Read our COVID-19 research and news.

Lab-grown organoids capture many aspects of brain development, but their cells fail to mature like real brain cells.

Madeline Andrews/Arnold Kriegstein Lab/University of California, San Francisco

Lab-grown ‘minibrains’ differ from the real thing in cell subtypes, gene expression

Glance at an intricately structured blob of human brain cells in a lab dish, and it’s tempting to dub it a “minibrain.” That’s the popular term for cerebral organoids, complex 3D tissues made from stem cells that are revolutionizing how researchers study neural development and conditions from autism to Zika. But the most comprehensive genetic comparison yet of cells from real brains and cerebral organoids, published today, reveals important differences between them.

Arnold Kriegstein, a neuroscientist at the University of California, San Francisco, and his colleagues first cataloged the genes turned on in individual cells from different parts of human fetal brains at 6 to 22 weeks of gestation. They then compared these patterns of gene expression to those of cells from cerebral organoids created using several previously published methods.

When it came to broad categories of brain cells—like neurons and nonneuronal cells called glia—the gene expression generally matched up. But when the researchers examined more precise subtypes of cells—a subset cells known as outer radial glia, for example—the comparisons started to break down. The organoid cells weren’t reliably maturing and expressing the specific combinations of genes that distinguish one subtype of cell from another.

That’s a potential limitation for studies that use organoids to model disease. Many such studies “reprogram” cells from a person with a disease into stem cells that can form an organoid. But nervous system diseases are highly cell-type specific, says Kriegstein, making it hard to draw conclusions about the disease if your lab-grown model doesn’t contain the exact cell type affected in the brain.

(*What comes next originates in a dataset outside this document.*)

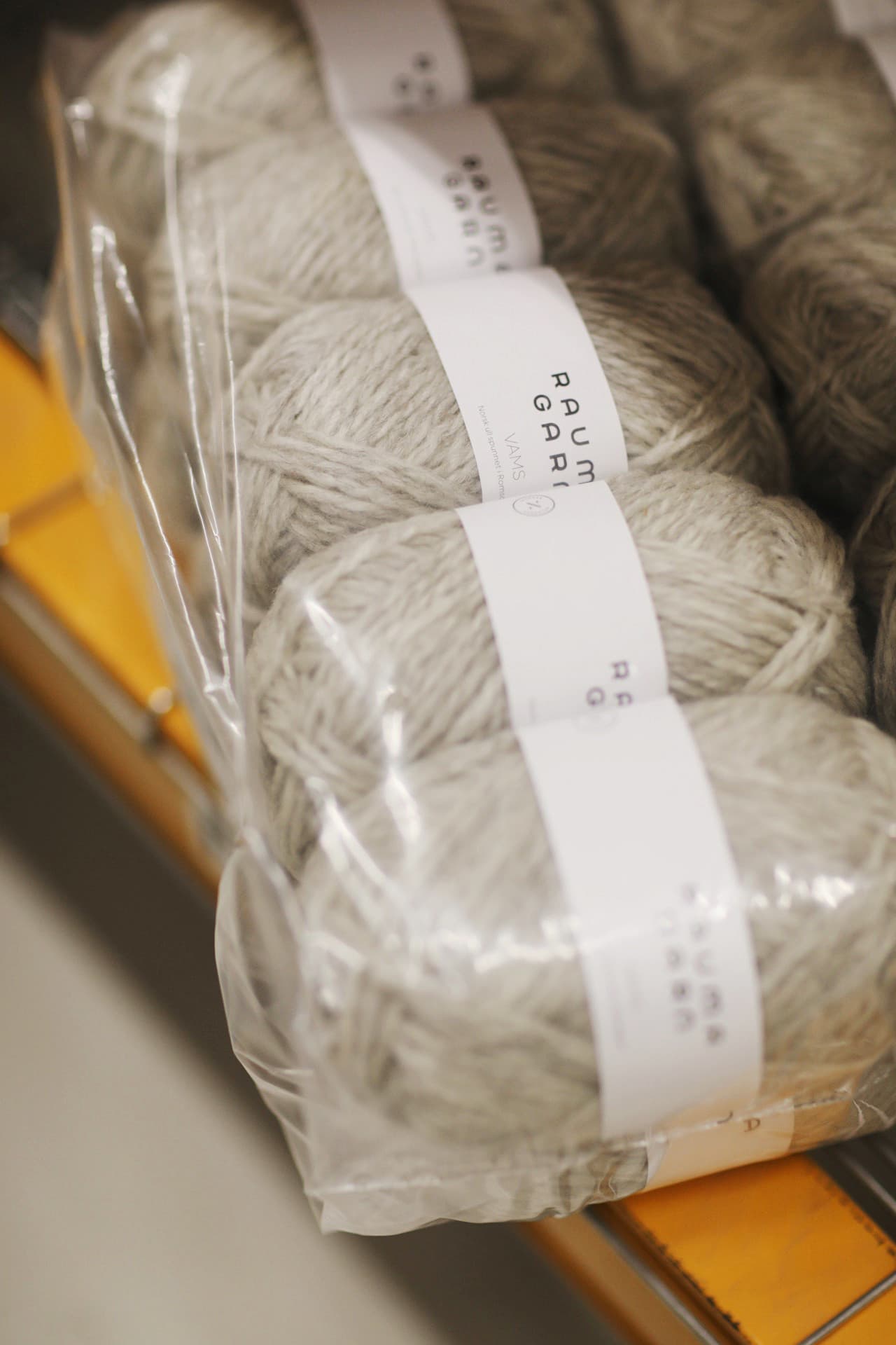 Vi nøster opp garnet til garnnøster. Banderolene blir satt på og nøstene pakkes og fraktes til lageret.

Though the organoid cells didn’t generally mature into precise subtypes, they did become specialized in another way: They took on genetic signatures that correspond to different regions of the brain. But those identities came on unpredictably. Signatures that you’d expect to see on opposite sides of the brain were sometimes right next to each other in an organoid, the team found. That could complicate studies of certain diseases, says Kriegstein, such as a form of dementia that affects only particular brain regions.

So why don’t organoids perfectly reproduce the cell types of the brain? Kriegstein’s team suggests a key factor is the stress of growing in a dish instead of a body. The organoid cells expressed genetic markers of metabolic stress, but this expression was reduced when the cells were grafted into a mouse brain. What’s more, this relocation seemed to help resolve these cells’ identity crisis, the team reports in Nature; it prompted them to take on the genetic signatures of the more developed cell types in the human brain.

That means there might be ways to make organoids more brainlike by tweaking the broth of nutrients used to nourish them in a dish, says Madeline Lancaster, a developmental geneticist at the Medical Research Council’s Laboratory of Molecular Biology. For example, researchers often culture organoids in high concentrations of glucose, “equivalent to a very, very diabetic person,” she says. “You could imagine this may not be very good for a developing brain.”

Future studies might also reduce the unnaturally high levels of oxygen present in lab conditions, says Flora Vaccarino, a developmental biologist at Yale University. That’s a relatively easy variable to tweak, she says, using incubators that control how much oxygen flows to the organoid cells.

It’s no surprise that organoids don’t perfectly replicate the human brain, she says. But the new study lays out how you can “convince yourself that you have a valid model of human development,” she says. “It gives a very optimistic message.”